[Records contained in a dataset]

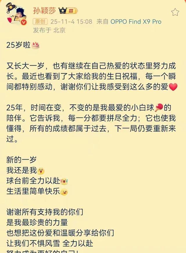 这场大战的序幕从一个生日开始。11月4日是孙颖莎25岁生日。她没有搞什么大排场,上午还在训练馆挥汗如雨,中午发了一条微博,轻描淡写地总结了自己的前半生:“25年,时间在变,不变的是小白球的陪伴。”这背后是无数个凌晨四点的辛勤付出。随后,她穿着简单的卫衣出现在机场,奔赴澳门。球迷们围着她喊“莎莎生日快乐”,她笑着挥手,眼神中透着稳当劲儿。据说当天她的午饭和晚饭都是在赶路的车上解决的。
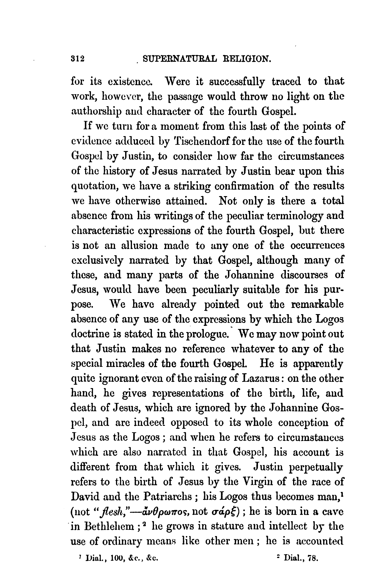 and in his own house" [———]t this passage would undoubtedly be claimed by apologists as a quotation from Mark vi. 4, and as proving the existence and use of that Gospel. The omission of the words "and among his own kin" [———] would at first be explained as mere abbreviation, or defect of memory, but on the discovery that part or all of these words are omitted from some MSS., that for instance the phrase is erased from the oldest manuscript known, the Cod. Sinaiticus, the derivation from the second Gospel would be considered as established. The author notwithstanding might never have seen that Gospel, for the quotation is taken from Matt. xiii. 57.(2)
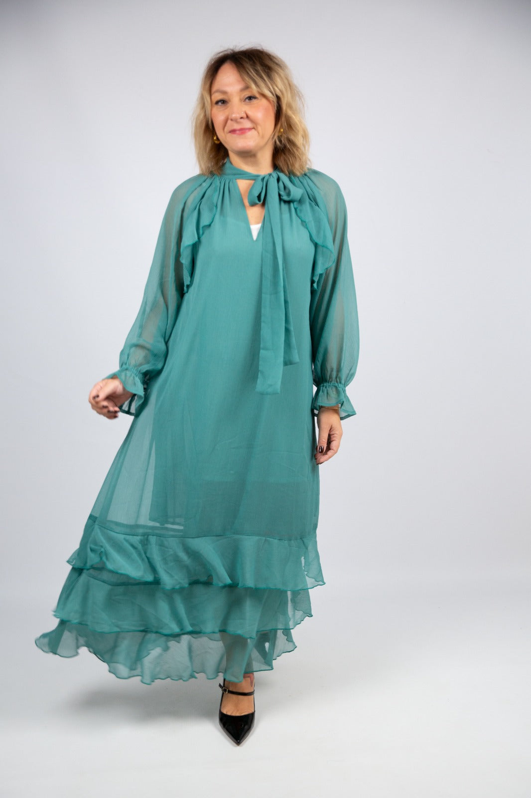 Abito midi in delicato light blu, caratterizzato da un design romantico e femminile. Le maniche e l’orlo sono impreziositi da morbide rouge che donano movimento e leggerezza, mentre il collo si chiude con un fiocco che aggiunge un tocco elegante e raffinato.
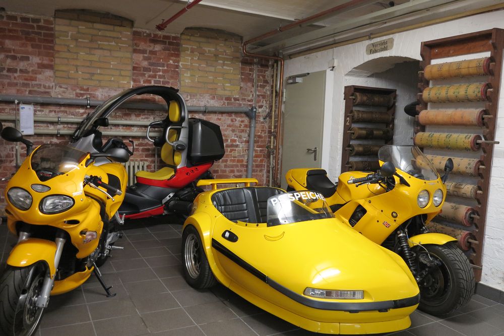 | Hier ist jetzt nur wichtig: Das Motorrad-Depot befindet sich im denkmal-geschützten Gebäude der seinerzeitigen Tapeten-Fabrik "Vereta". |
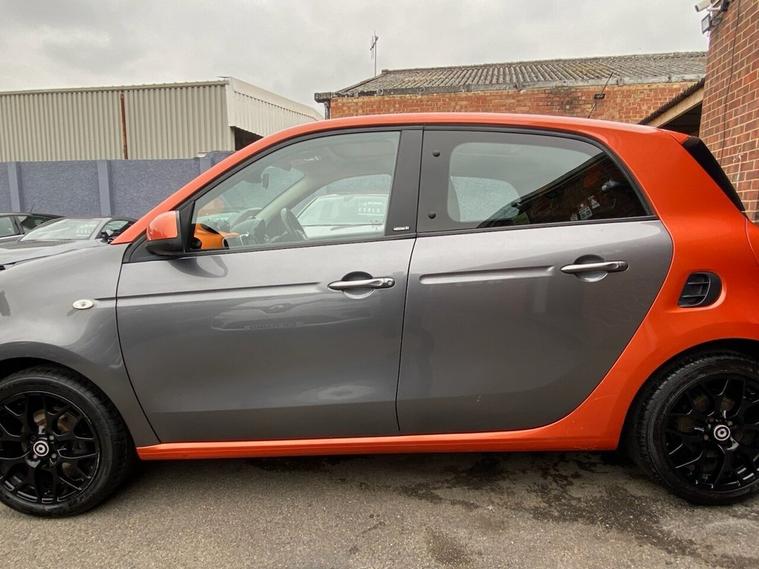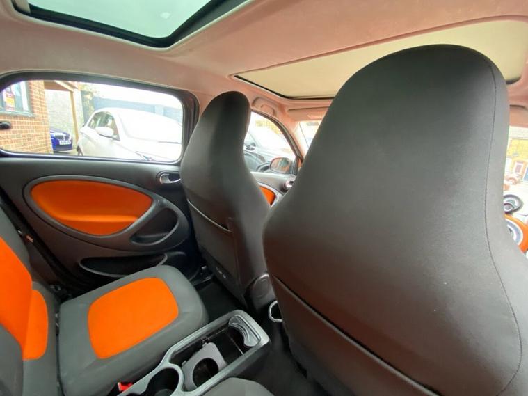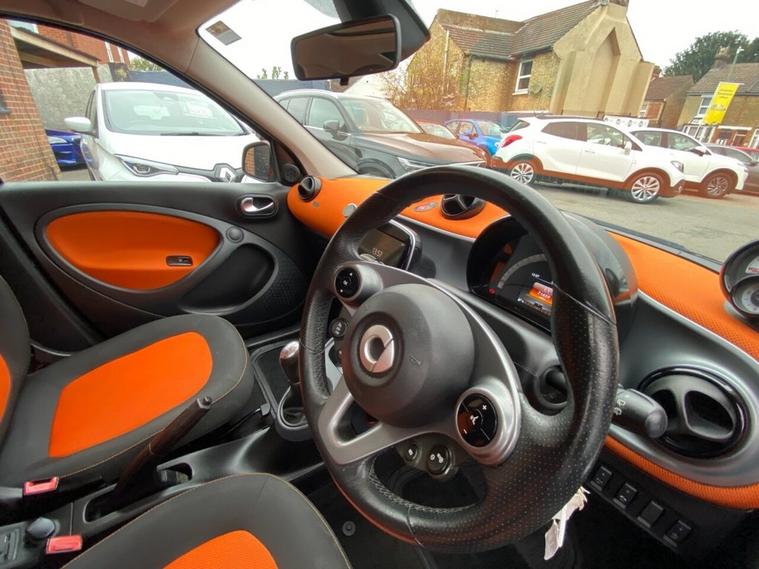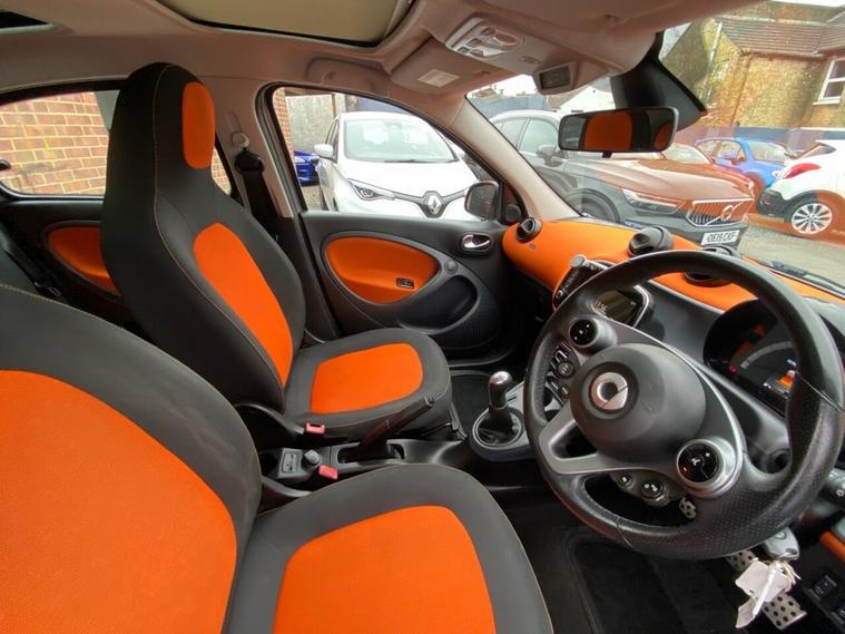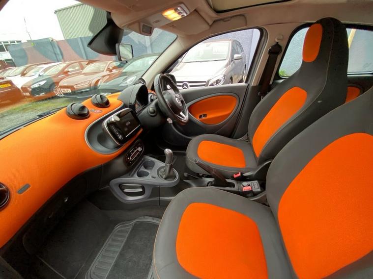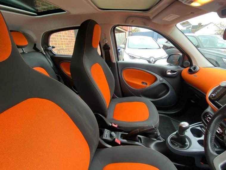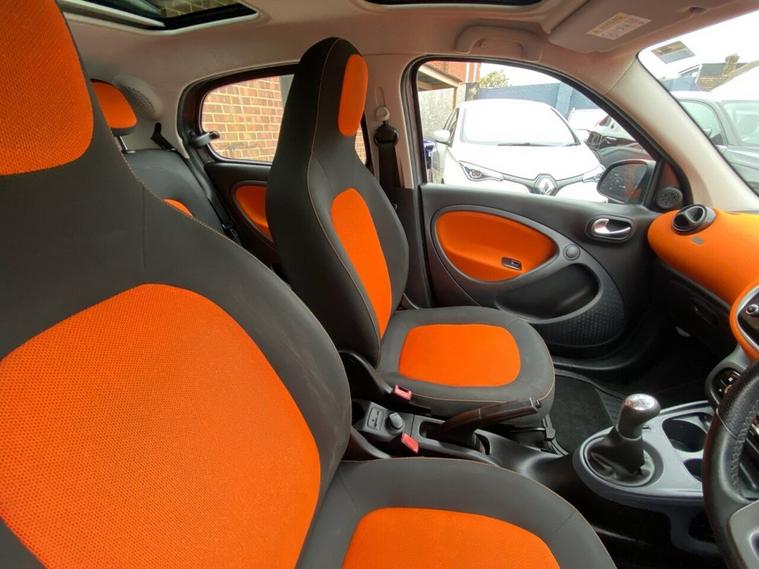 This 2015 Smart forfour Edition 1 boasts a full service history, ensuring its excellent provenance, and comes with an MOT valid until May 2026. This stylish city car features a 1.0L Euro 6 petrol engine, offering an impressive fuel economy of 67 mpg. Inside, youll find a panoramic roof with sun protection, automatic climate control, and automatic headlights for added comfort and convenience. Parking is made easier with rear parking sensors and a rear view camera. The Smart forfour Edition 1 stands out with its low insurance group and low CO2 emissions, indicating it is more economical to own and run compared to many other vehicles. These highlights, combined with its comprehensive service history and long MOT, make this a sensible and appealing choice for those seeking a practical and efficient urban vehicle.

* HOW TO COMPLETE THIS TASK *
Instructions for the copy: start at the first entry, stop after the line containing "Abito midi in", keep every line exact, and drop the pictures.

* EXERCISE ANSWER *
 这场大战的序幕从一个生日开始。11月4日是孙颖莎25岁生日。她没有搞什么大排场,上午还在训练馆挥汗如雨,中午发了一条微博,轻描淡写地总结了自己的前半生:“25年,时间在变,不变的是小白球的陪伴。”这背后是无数个凌晨四点的辛勤付出。随后,她穿着简单的卫衣出现在机场,奔赴澳门。球迷们围着她喊“莎莎生日快乐”,她笑着挥手,眼神中透着稳当劲儿。据说当天她的午饭和晚饭都是在赶路的车上解决的。
 and in his own house" [———]t this passage would undoubtedly be claimed by apologists as a quotation from Mark vi. 4, and as proving the existence and use of that Gospel. The omission of the words "and among his own kin" [———] would at first be explained as mere abbreviation, or defect of memory, but on the discovery that part or all of these words are omitted from some MSS., that for instance the phrase is erased from the oldest manuscript known, the Cod. Sinaiticus, the derivation from the second Gospel would be considered as established. The author notwithstanding might never have seen that Gospel, for the quotation is taken from Matt. xiii. 57.(2)
 Abito midi in delicato light blu, caratterizzato da un design romantico e femminile. Le maniche e l’orlo sono impreziositi da morbide rouge che donano movimento e leggerezza, mentre il collo si chiude con un fiocco che aggiunge un tocco elegante e raffinato.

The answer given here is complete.